— Спасибо вам огромное, что остановились, — сказала Золотова, исподволь улавливая движение за темным стеклом заднего сидения. — Только моя собака чужих не любит. Знаете, это королевский вассершмассер, у него хватка двадцать пять атмосфер, больше чем у бультерьера. Он весит пятьдесят килограммов и только меня слушается. Сейчас выскочит из леса.

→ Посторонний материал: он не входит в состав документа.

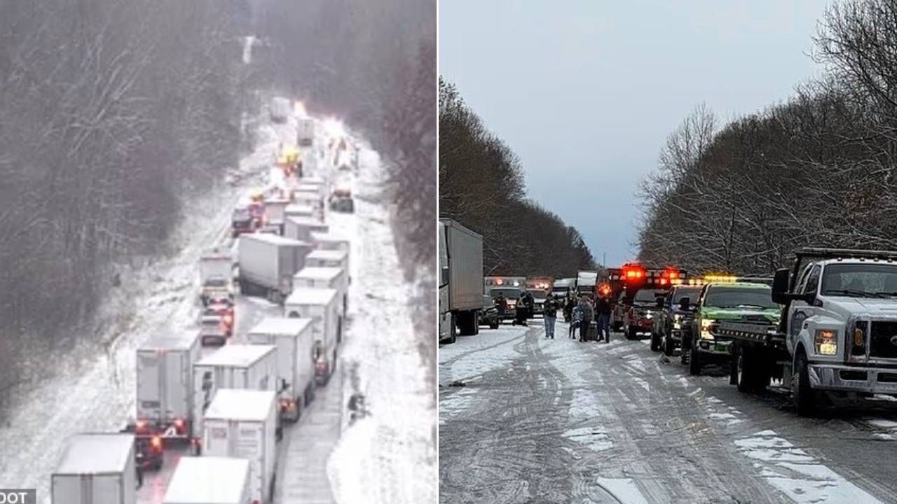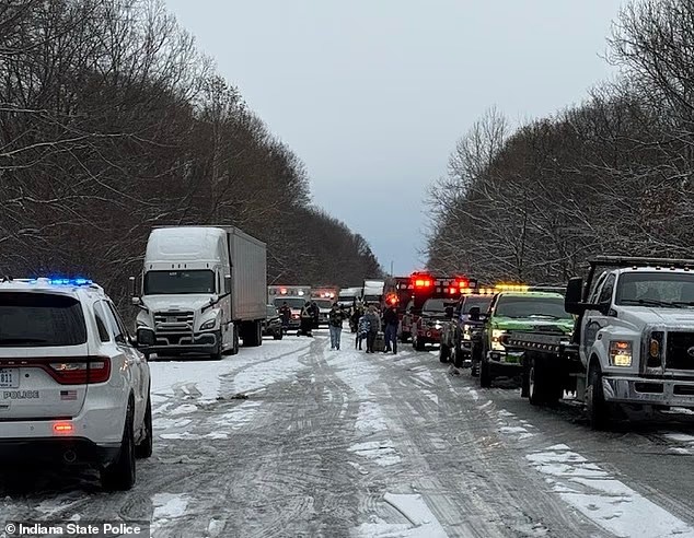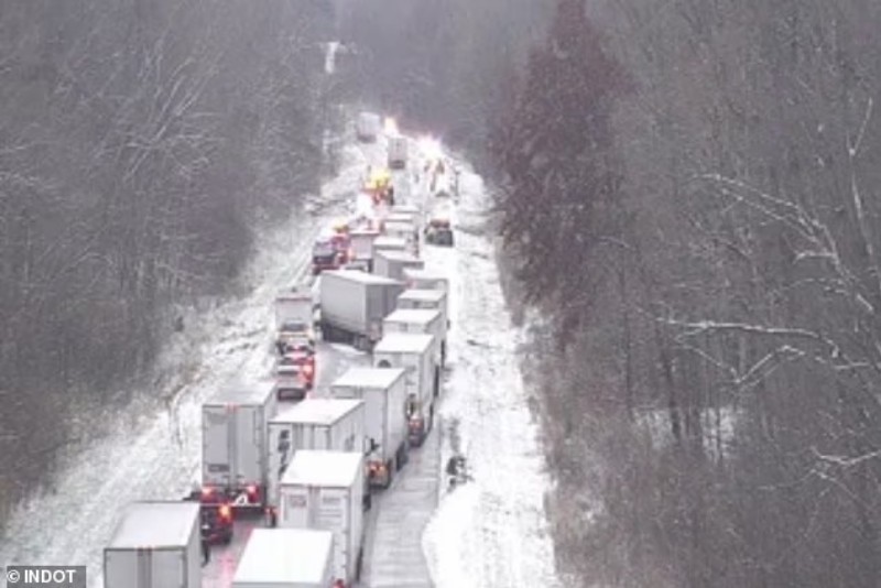 Indiana eyaletinde, tatilden dönen sürücüler kar fırtınasının ortasında kabus gibi bir kaza yaşadı.
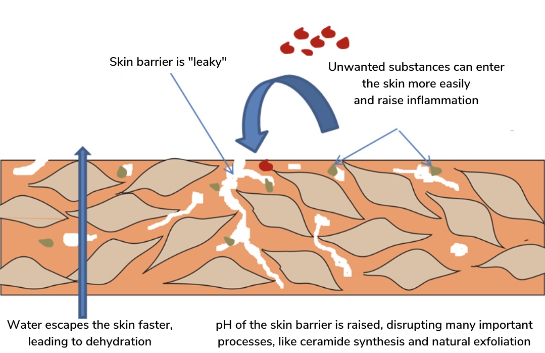 A compromised barrier leads to transepidermal water loss (TEWL), causing skin dehydration. This disrupts the skin's optimal pH, which in turn affects the enzymes responsible for natural exfoliation (desquamation) — leading to more clogged pores (the first stage of acne). Dehydrated skin may also respond by producing excess oil to compensate, further increasing the likelihood of clogged pores and breakouts.

— А-а... — протянуло мурло, было заметно, что мысль о встрече с вассершмассером его немного встревожила. — Ну, ищи свою, типа, болонку...
Без всякого «до свидания» «Тойота» укатила восвояси. Вика, которая при разговоре с водителем невольно отступила на пару шагов назад, проводила машину прищуренным веселым взглядом и повернулась к лесу передом, к дороге задом. Она уже раз прошла по периметру гравийной площадки, но, наверное, надо еще разок.
Хотя зачем ходить по периметру? Тело-то вынесли в придорожную яму, а искомая Викой вещица, скорее всего, просто вывалилась вслед за телом. Яму Вика тоже осмотрела, но в ней была только грязь. А если предмет наш остался лежать где-нибудь между этой ямой и площадкой? Вот пойду шаг, два, рассматривая гравий, а потом и траву... Вот отведу взгляд, чтобы видеть боковым зрением, которое все воспринимает немного иначе. Так, ничего. Еще шаг и снова отвести глаза. Что-то тускло блеснуло? Совсем тускло, но это было! Было здесь? Не вижу. Ещё раз смотрю в сторону... Все, есть!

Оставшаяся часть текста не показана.